Most business have malfunctioning swipe machines and some openly saying they are not sure of the rate to use while others are bold enough to register the parallel ZiG rate at USD$1: ZWG$40.
Government of Zimbabwe had to make a rush turn, changing from its original stance, of maintaining the rate at ZWG$14.9 after supermarkets started increasing prices in US dollars and threating to close their business if Government fails to intervene on the crisis. this also was a result of in adequate forex supply by the central bank to businesses.
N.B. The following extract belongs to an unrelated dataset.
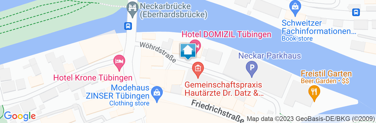 Direkt am Neckarufer in einzigartiger, ruhiger Aussichtslage haben Sie die reizvolle und malerische Altstadt Tübingens »direkt vor Augen« und »direkt vor der Tür«. Herzlich Willkommen!! 80 Doppel- und Einzelzimmer schaffen durch ihre elegante Ausstattung eine Umgebung, in der die Tage erholsam und die Nächte sehr angenehm zu verbringen sind. Lassen Sie sich verwöhnen, von leichter regionaler Küche mit Raffinesse. Den wohl besten Ausblick auf den Neckar sowie die Altstadt bietet das C.A.R.A.T in einem gemütlich modernen Ambiente und die schöne Gartenterrasse in dieser Lage ist für den Gast entspannende Sommer-Gastronomie. Ob Konferenzen, Tagungen oder Seminare - das Hotel »DOMIZIL« bietet für einen Teilnehmerkreis von bis zu 50 Personen alle Möglichkeiten der perfekten Organisation und Abwicklung. Ob Flip-Chart oder OverheadProjektion, ob Dia-Schau oder Ton-Anlage - unsere Technik steht auf Anfrage für Sie bereit. Die alte Universitätsstadt Tübingen am Neckar liegt am südlichen Rand des Naturparks » Schönbuch «, etwa 35 km vor den Toren Stuttgarts. Die malerische Altstadt mit dem Rathaus, den kleinen Gäßchen und der großen Fußgängerzone ist für Touristen aus aller Welt ein Anziehungspunkt.Abweichende Stornobedingungen des Gastgebers

Once hailed as a symbol of economic independence, the Zig’s promise has given way to despair. Hyperinflation has ravaged the economy, rendering the currency nearly worthless. Prices skyrocket, and the Zig’s value plummets, leaving Zimbabweans grasping for stability.
For Harare trader, Mrs. Chido Mukaro, the Zig’s instability has made business impossible. “We can’t price goods or plan for the future,” she laments. “It’s like trying to build on shifting sand.”
Politician, Nelson Chamisa on his social handle said, its not the currency that must be changed, but the whole governance structure because citizens don’t trust the government of the day.
Majority who accept payments in local Zimbabwe dollar, made a loss of 44% when the central bank announced the changes from USD$1:ZWG14,9 to 25.
Economists point to a perfect storm of fiscal discipline lapses, foreign exchange shortages, and a crippling lack of confidence in monetary policy. The Reserve Bank of Zimbabwe (RBZ) has tried to stem the tide with monetary policy tweaks, but the Zig remains volatile.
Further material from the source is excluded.